Wednesday, January 6, 2010

scare..

my life is still the same, nothing has change. one thing i have realise is i am not a good boy friend. haiz.. my job as a boy friend is to make my girl friend happy but for the past few months, i keep make her angry and emo.. i dunno what should i do to maintain this relationship and keep u happy always. i am scare i will lose you. maybe sometimes i am childish and sohai, i am just trying to make u smile more.. hope i can be more mature...i want to take good care of u and hope we can last forever.. i want u to believe the words forever.. love u
for the past few months, my relationship with my friends getting better. we dint really quarrel. haha.. i really appreciate u all. kelvin, tommy, panda, miwi, soo ping, chuan how,kah chuan and siew fei. u all my brothers.. thx for ur help when i need u all...
lol, i will never forget gavin.. u will always be my sifu.... fuck u cause u are in Sunderland now..hope u will come back again.. miss u my brother..

Friday, December 4, 2009

back to my happy life

nowadays my life is full of happiness. thx to sakana and my friends. thank god this few days dint really quarrel with her. for the past few weeks, i kept on quarrel with her. haiz.. maybe i am not a good boy friend. everything that i have did also will make her angry. maybe is because i am not caring enough. sorry.. i used to promise u that i will make u happy but i cant fulfill my promise. sorry. i will improve and try to be a better boy friend. last week, my face was badly hurt by the sun burn and luckily my gf take good care of me. hehe. the best thing was she dint even leave me because that time i was really fucking yong sui. haha.
few days ago, Gavin said he will be back and i cant wait to see him. miss that fucker.. i can never forget who is my sifu.. haha
lastly, i hope i can be a good bf. the gf that i am having now is the best gf that i ever had. she always make me happy and smile. when i am sad or down, she is the one that be with me and make me smile. haha but my brothers like kelvin and tommy also got help me geh. haha. i cant promise that i can be with you forever but all i know is i love deeply and i hope i can be the one that is sleeping beside you until old and take care of you when you are old.. love you sakana

Sunday, November 15, 2009

Miss you

for the past two days i feel uncomfortable because you are not beside me. i feel like something is missing. sometimes i wish i can be with you everyday but i scare you will feel bored of me. yesterday you treat me so cold. you seldom reply my msg and i was so scare. my heart beeps very fast cause i am nervous. i am scare that you feel bored of me. luckily today you got reply me and chat me like normal. you are coming back tomorrow. cant wait for it.. miss you

Monday, October 12, 2009

Just the same

my life is back to normal. Everyday also doing the same thing. The only thing that i am trying to improve is i am tryin to be a good friend and boy friend. recently, i have hurt few of my friends and also my girl friend. sorry. i will try to improve. maybe one day i will manage to change.. give me some time..
life in kampar is kinda boring. luckily i manage to find something to do. that is watch doraemon. haha. i know it sounds lame but what to do. kampar is a dead town. luckily i have my girl friend and a group of friends that always support me.
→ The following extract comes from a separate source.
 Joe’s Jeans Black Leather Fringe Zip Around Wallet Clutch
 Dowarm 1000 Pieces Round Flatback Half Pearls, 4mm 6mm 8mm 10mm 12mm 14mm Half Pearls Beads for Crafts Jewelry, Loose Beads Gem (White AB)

Sunday, September 13, 2009

I am sorry.

Once again I have hurt your feelings. Sorry. I am just trying to be as caring as I can but I dun know it will hurt your feelings. You have ignored me for few hours but for me it is very long already. The time pass very slow and I seems so lonely without you. I have friends beside me but I just feel like I have lost something very important. I can feel that my soul has lost and I hope you will forgive me soon. It is so hard for us to be together and I hope it won’t end just like that. Once again, I am sorry for what I have done.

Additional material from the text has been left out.